Our strategy centers around the generation of cell lines expressing various mutants of ezrin representing various conformational states and then analyzing the bound proteins that are co-recovered with ezrin. As reported recently, we have placed a FLAG epitope into an internal region of ezrin that is poorly conserved in ERM proteins (7). Using this tagged version designated ezrin-iFLAG, we have generated stable Jeg-3 choriocarcinoma cell lines that express wild-type ezrin (ezrin-iFLAG), a variant with the activating T567E phosphomimetic mutation (ezrin-T567E-iFLAG), an inactive variant with the nonphosphorylatable T567A mutation (ezrin-T567A-iFLAG), and a variant containing a truncation of the C terminus that compromises the normal FERM/C-terminal tail interaction to expose the fully unmasked FERM domain of ezrin (ezrin(1–583)-iFLAG).
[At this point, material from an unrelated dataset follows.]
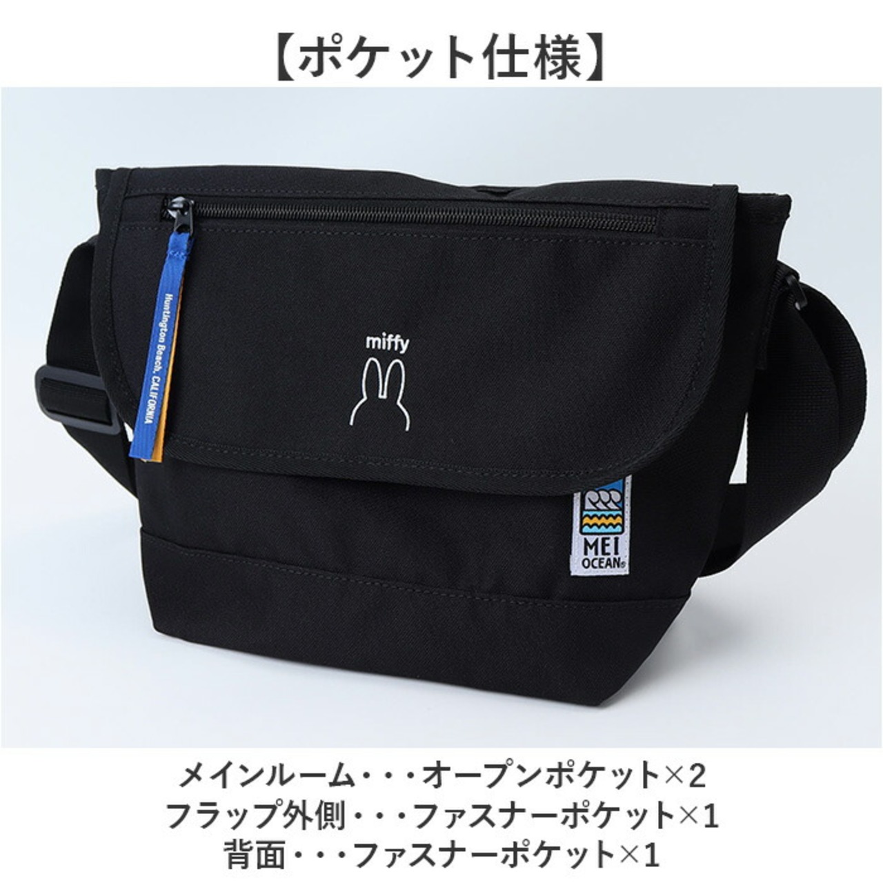 ・MEI OCEANのロゴパッチとカラーリボンを引手に配置。スポーティな印象の仕上がり。

The level of the ezrin-iFLAG variant expression in these cells is about the same as endogenous ezrin (7). As expected, ezrin-iFLAG localization was strictly apical, co-localizing with another ERM member radixin, whereas ezrin-T567A-iFLAG is cytoplasmic, and as reported recently, ezrin-T567E-iFLAG hyperlocalizes to the plasma membrane and localizes to the apical and basolateral domains of epithelial cells (Fig. 1A) (7).
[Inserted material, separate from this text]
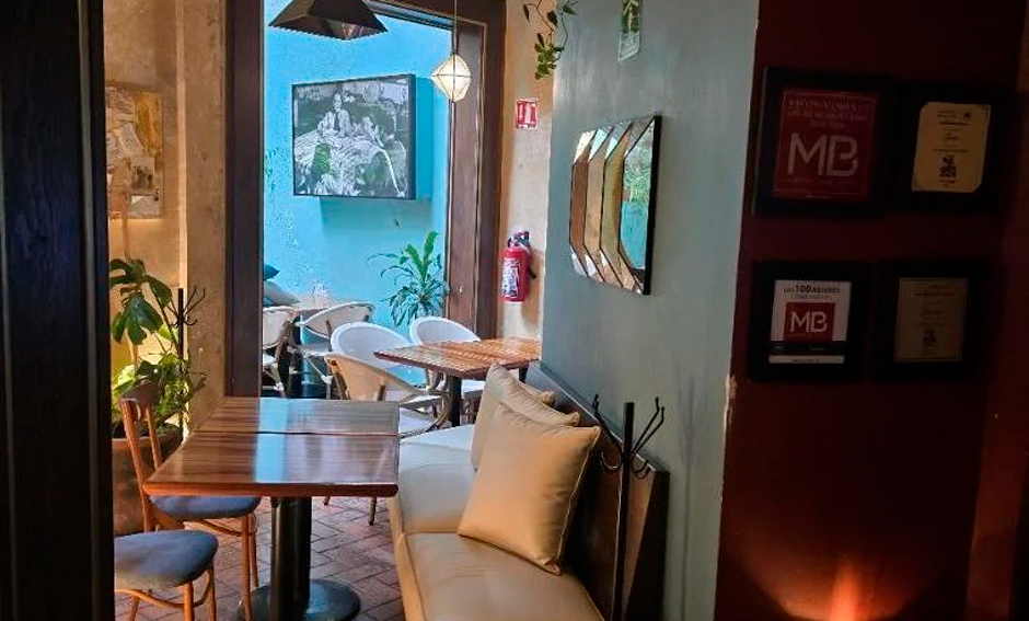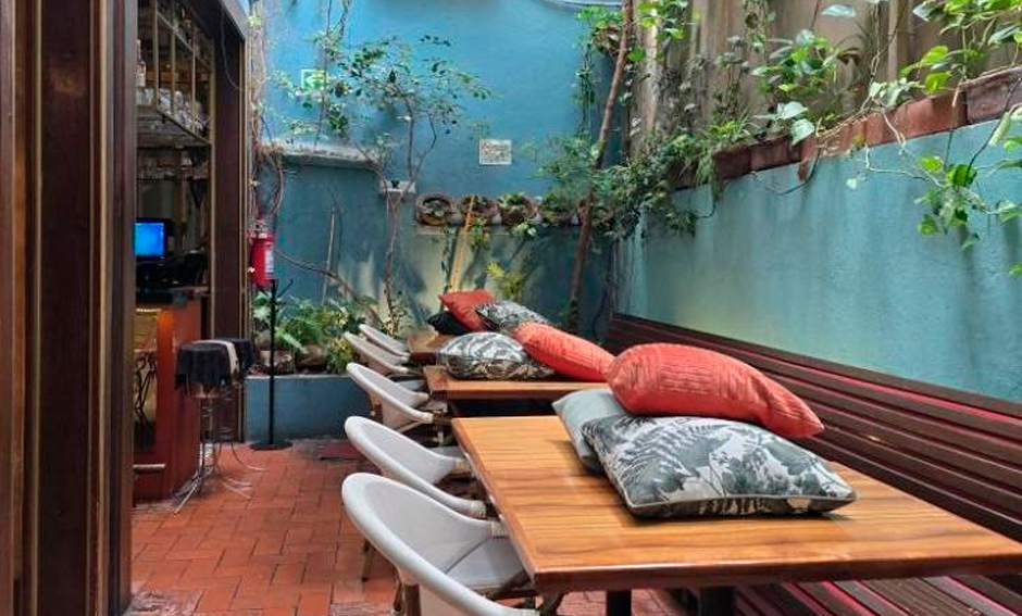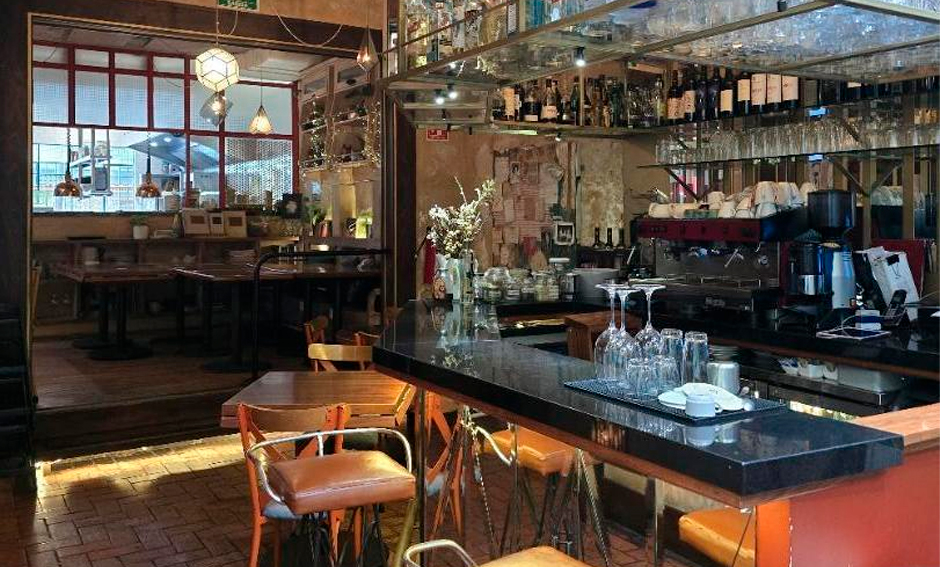 Cuenta con una barra fija estratégicamente colocada al centro del local, y una terraza al fondo.

As about 50% of the ezrin-iFLAG is phosphorylated in vivo (7), we were initially surprised to find that immunoprecipitation of ezrin-iFLAG failed to recover detectable EBP50. By contrast, the construct with an unmasked FERM domain due to the truncation of the final two residues, ezrin(1–583)-iFLAG, recovered EBP50 efficiently (Fig. 1B). To see if the interaction of EBP50 with ezrin-iFLAG can be stabilized, we explored the use of the reversible cross-linking reagent DSP. Cells were subjected to different concentrations of cross-linker for 2 min, and the recovery of EBP50 with ezrin-iFLAG was monitored. These results showed that brief cross-linking with 1.25 mm DSP allowed for modest recovery of EBP50 with ezrin-iFLAG and vice versa (Fig. 1B). To explore how the ezrin/EBP50 interaction was affected by ezrin Thr-567 phosphosite mutations, we detected EBP50 in unphosphorylatable ezrin-T567A-iFLAG or phosphomimetic ezrin-T567E-iFLAG immunoprecipitations (Fig. 1C). The modest recovery of EBP50 was significantly reduced by mutation to T567A but was unaffected by mutation to T567E (Fig. 1C). We obtained similar results by immunoprecipitating EBP50 and detecting ezrin-iFLAG phosphomutants (Fig. 1D). Thus, the DSP-preserved interaction between EBP50 and ezrin is dependent on the availability of Thr-567 for phosphorylation and can be greatly increased by fully unmasking the FERM domain of ezrin as in ezrin-(1–583)-iFLAG (Fig. 1C).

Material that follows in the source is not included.